Week 4.     Supernovae
Types, explosion mechanisms, emission properties, remnants.
Week 5.     Accretion
Gas accretion onto black holes or neutron stars. Origin of accreted gas, geometry (Bondi/disk).
Week 6.     Astrophysical particle acceleration
Relativistic outflows, their formation, and how they accelerate particles. Cosmic rays, gamma rays, high-energy neutrinos.
Week 7.     Gamma-ray bursts
History, properties, populations.
Week 8.     Afterglow emission
Week 9.     High-energy observatories
Most important observatories that detect cosmic rays, gamma rays, and high-energy neutrinos; observation principles.
Week 10.   The high-energy Universe
What has been observed, observational techniques, open questions.
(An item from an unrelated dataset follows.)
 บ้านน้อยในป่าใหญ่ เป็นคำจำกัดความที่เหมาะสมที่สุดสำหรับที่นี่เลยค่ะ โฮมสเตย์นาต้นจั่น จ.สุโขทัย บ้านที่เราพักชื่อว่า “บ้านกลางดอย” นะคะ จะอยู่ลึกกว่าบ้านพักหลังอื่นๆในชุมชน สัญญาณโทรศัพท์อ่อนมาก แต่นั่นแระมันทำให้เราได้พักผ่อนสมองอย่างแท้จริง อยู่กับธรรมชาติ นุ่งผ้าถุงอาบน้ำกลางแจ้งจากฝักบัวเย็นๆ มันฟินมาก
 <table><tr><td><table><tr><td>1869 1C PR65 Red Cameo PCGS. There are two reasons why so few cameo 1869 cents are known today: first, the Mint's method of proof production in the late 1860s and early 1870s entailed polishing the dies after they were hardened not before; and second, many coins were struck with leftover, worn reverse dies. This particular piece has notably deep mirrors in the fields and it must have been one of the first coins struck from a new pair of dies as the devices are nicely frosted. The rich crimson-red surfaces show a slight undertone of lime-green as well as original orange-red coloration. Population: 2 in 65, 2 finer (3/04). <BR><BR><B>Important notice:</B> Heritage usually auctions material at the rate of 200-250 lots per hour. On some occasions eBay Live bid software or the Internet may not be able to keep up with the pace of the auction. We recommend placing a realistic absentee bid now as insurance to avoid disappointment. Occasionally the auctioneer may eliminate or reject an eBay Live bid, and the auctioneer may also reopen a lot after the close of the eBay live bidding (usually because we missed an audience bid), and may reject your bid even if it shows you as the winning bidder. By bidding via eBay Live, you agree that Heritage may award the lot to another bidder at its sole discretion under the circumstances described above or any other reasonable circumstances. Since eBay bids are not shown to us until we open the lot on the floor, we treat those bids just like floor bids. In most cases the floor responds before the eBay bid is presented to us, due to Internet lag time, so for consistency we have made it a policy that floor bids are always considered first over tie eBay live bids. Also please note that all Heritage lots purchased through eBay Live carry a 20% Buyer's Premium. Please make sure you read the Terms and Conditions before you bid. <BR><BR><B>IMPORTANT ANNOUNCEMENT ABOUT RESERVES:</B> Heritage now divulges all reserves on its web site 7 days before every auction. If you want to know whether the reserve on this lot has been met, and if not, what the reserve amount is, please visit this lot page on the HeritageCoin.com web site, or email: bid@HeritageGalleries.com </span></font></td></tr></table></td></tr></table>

Cosmic rays, gamma rays, high-energy neutrinos.
Week 11.   Gravitational waves
Definition, detection, astrophysical production.
Week 12.   Compact binaries
Formation channels, properties, eccentricity.
Week 13.   Searching for gravitational waves
Search techniques, challenges.
Week 14.   Kilonovae
...and other emission from compact binary mergers.
Week 15.   Cosmology with gravitational waves
Week 16.   Multimessenger astrophysics and open questions
DISCLAIMER: This syllabus represents the Prof. Bartos' current plans and objectives. As we go through the semester, those plans may need to change to enhance the class learning opportunity. Such changes, communicated clearly, are not unusual and should be expected.